- [Information supplied]
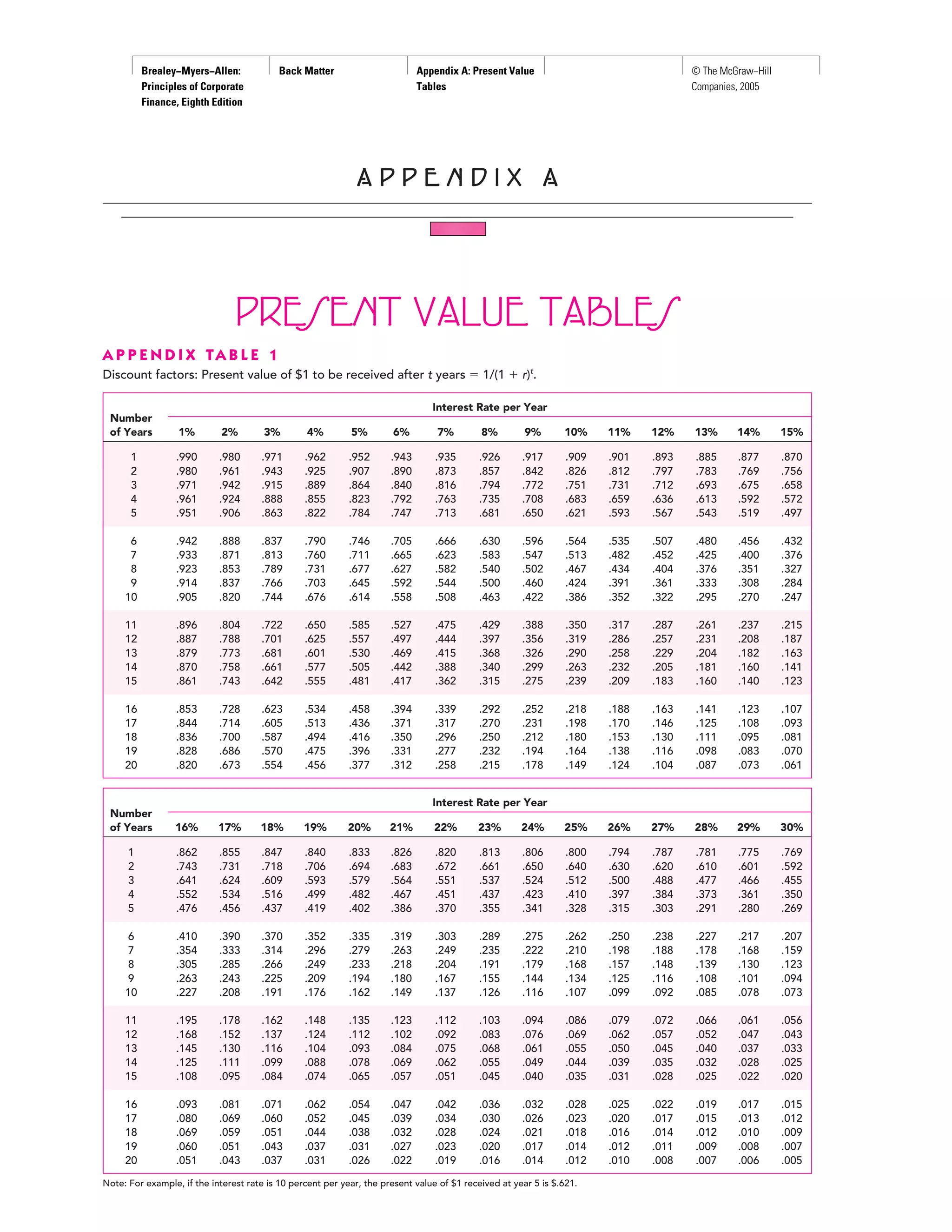This document contains tables presenting discount factors and future values for interest rates ranging from 1% to 30% per year over time periods from 1 to 30 years. Table 1 shows the present value of $1 received in the future, declining with longer time periods and higher interest rates. Table 2 shows the future value of $1, increasing with longer time periods and higher interest rates. The tables can be used to calculate the present or future value of a cash flow given an interest rate and number of time periods.
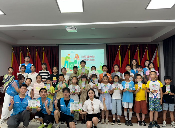 图为实践成员与小朋友宣传垃圾分类合影 王欣 供图
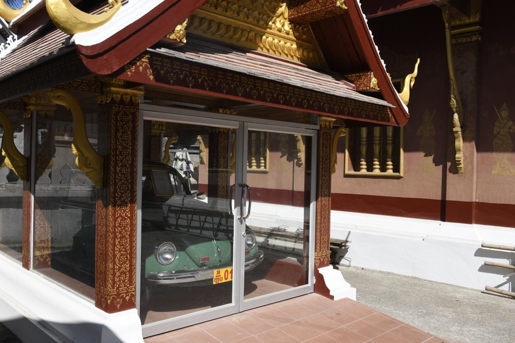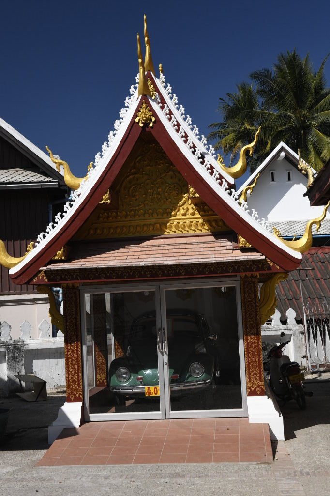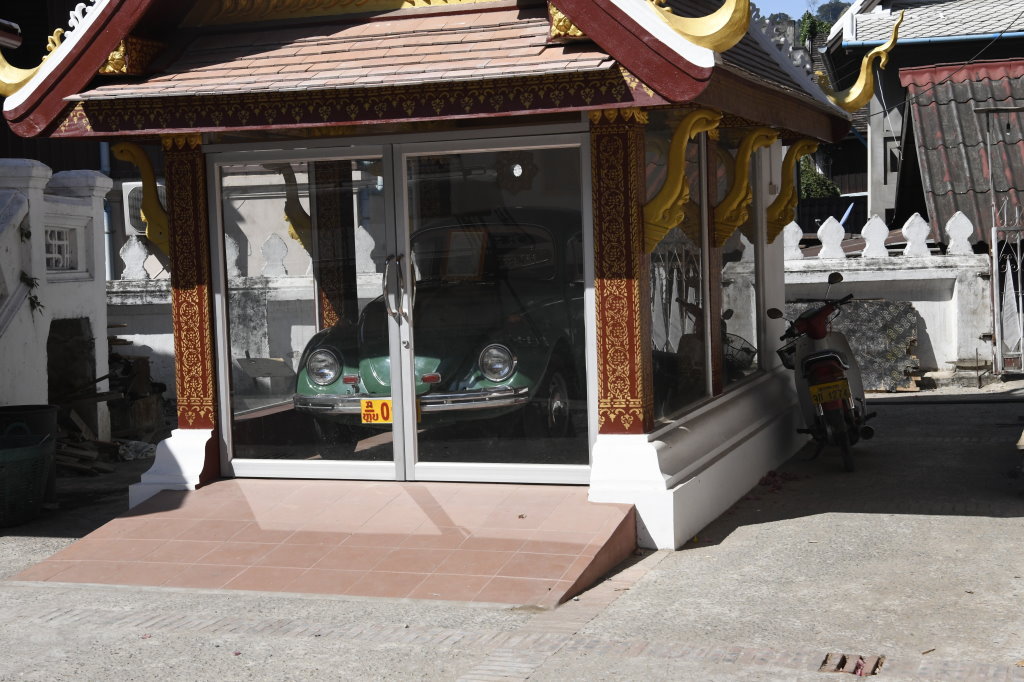 In einem kleinen verglasten Pavillon auf dem Gelände des Wat Saen Sukharam parkt ein blitzblank polierter Volkswagen. Der grüne Käfer gehörte einst dem ehrwürdigen Sathu Nyai Khamchan (Phra Khamchan Virachitto), der zu den einflussreichsten Äbten des 20. Jahrhunderts zählt und in Luang Prabang von 1972 bis 2017 als Präsident der Lao Buddhist Fellowship Organization (LBFO) lebte und wirkte.
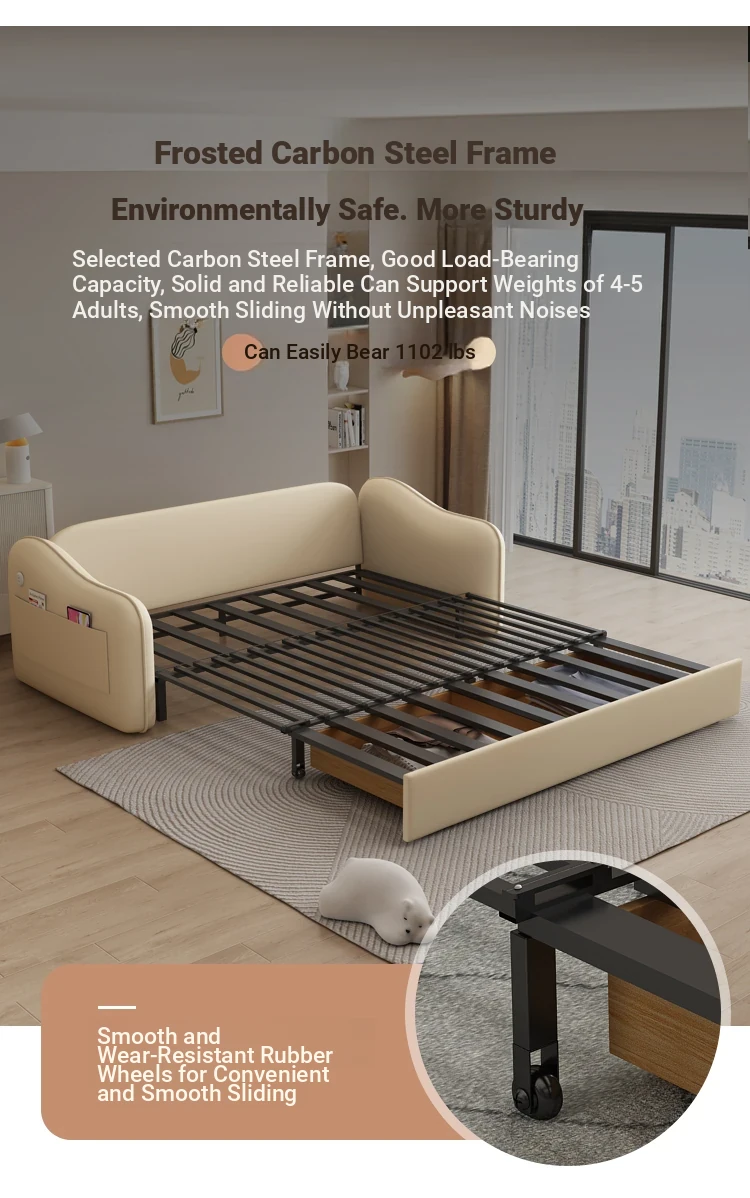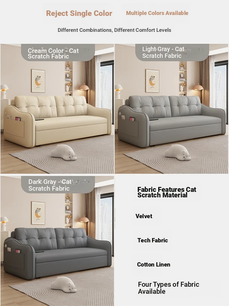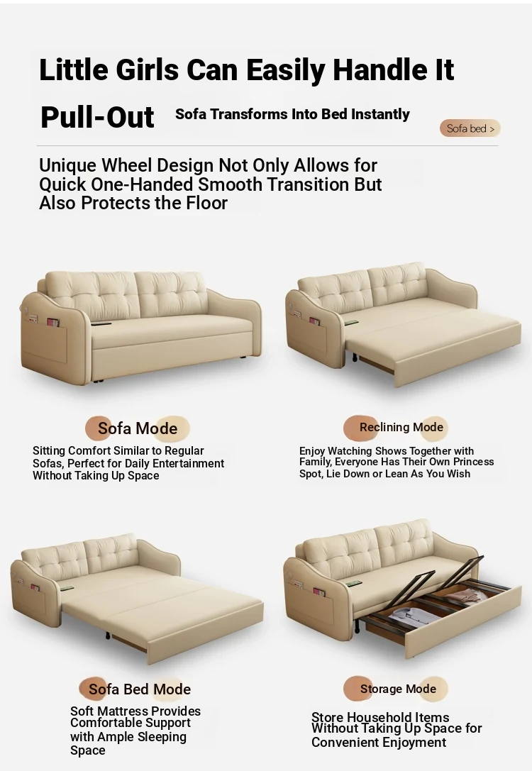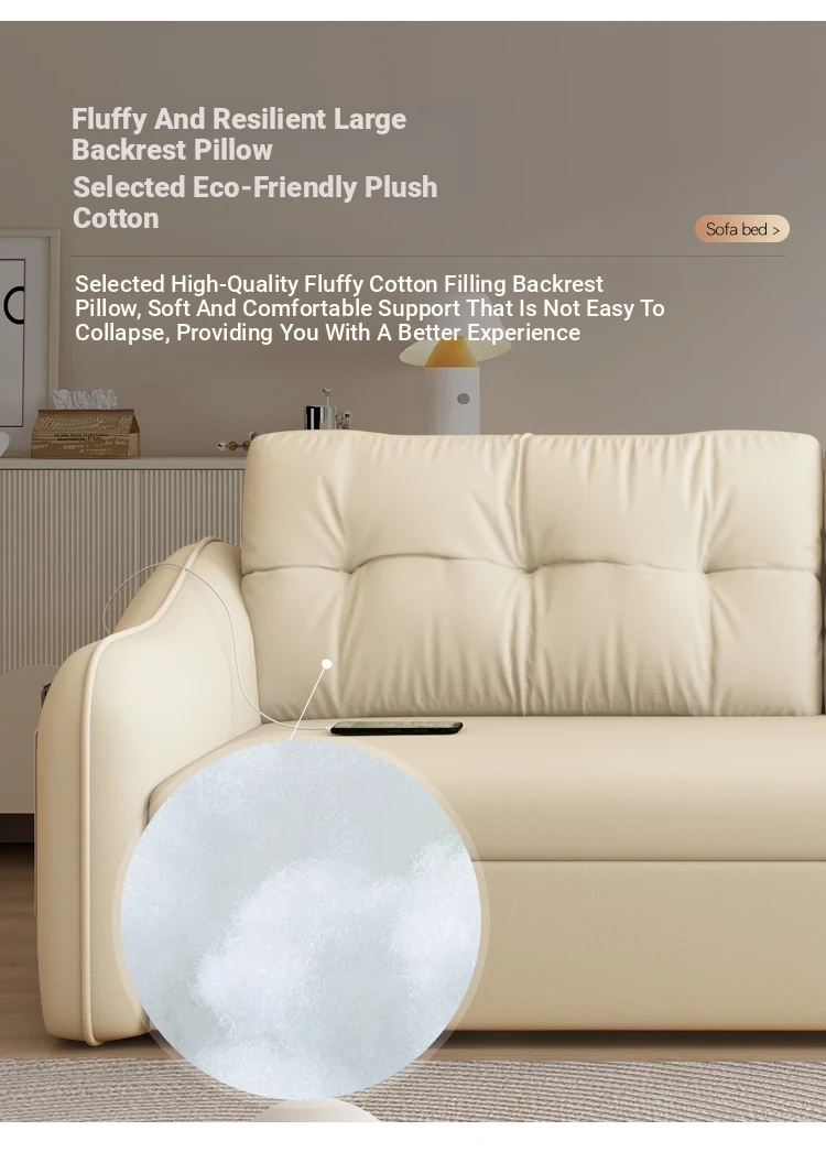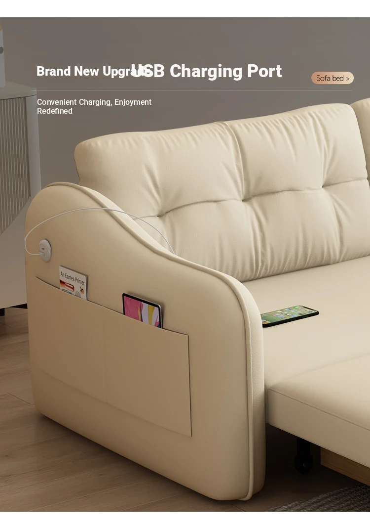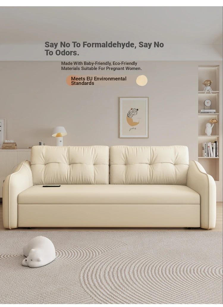 Nordic French Cream Fabric Sofa Bed - Stylish and Space-Saving Foldable Design for Small Apartments, Trendy Double Sofa for Modern Living Spaces

- [What to do]
All lines from the line containing "In einem kleinen" through the end of the listing above are to be given again exactly; pictures are not part of the copy.

- [Task solution]
 In einem kleinen verglasten Pavillon auf dem Gelände des Wat Saen Sukharam parkt ein blitzblank polierter Volkswagen. Der grüne Käfer gehörte einst dem ehrwürdigen Sathu Nyai Khamchan (Phra Khamchan Virachitto), der zu den einflussreichsten Äbten des 20. Jahrhunderts zählt und in Luang Prabang von 1972 bis 2017 als Präsident der Lao Buddhist Fellowship Organization (LBFO) lebte und wirkte.
 Nordic French Cream Fabric Sofa Bed - Stylish and Space-Saving Foldable Design for Small Apartments, Trendy Double Sofa for Modern Living Spaces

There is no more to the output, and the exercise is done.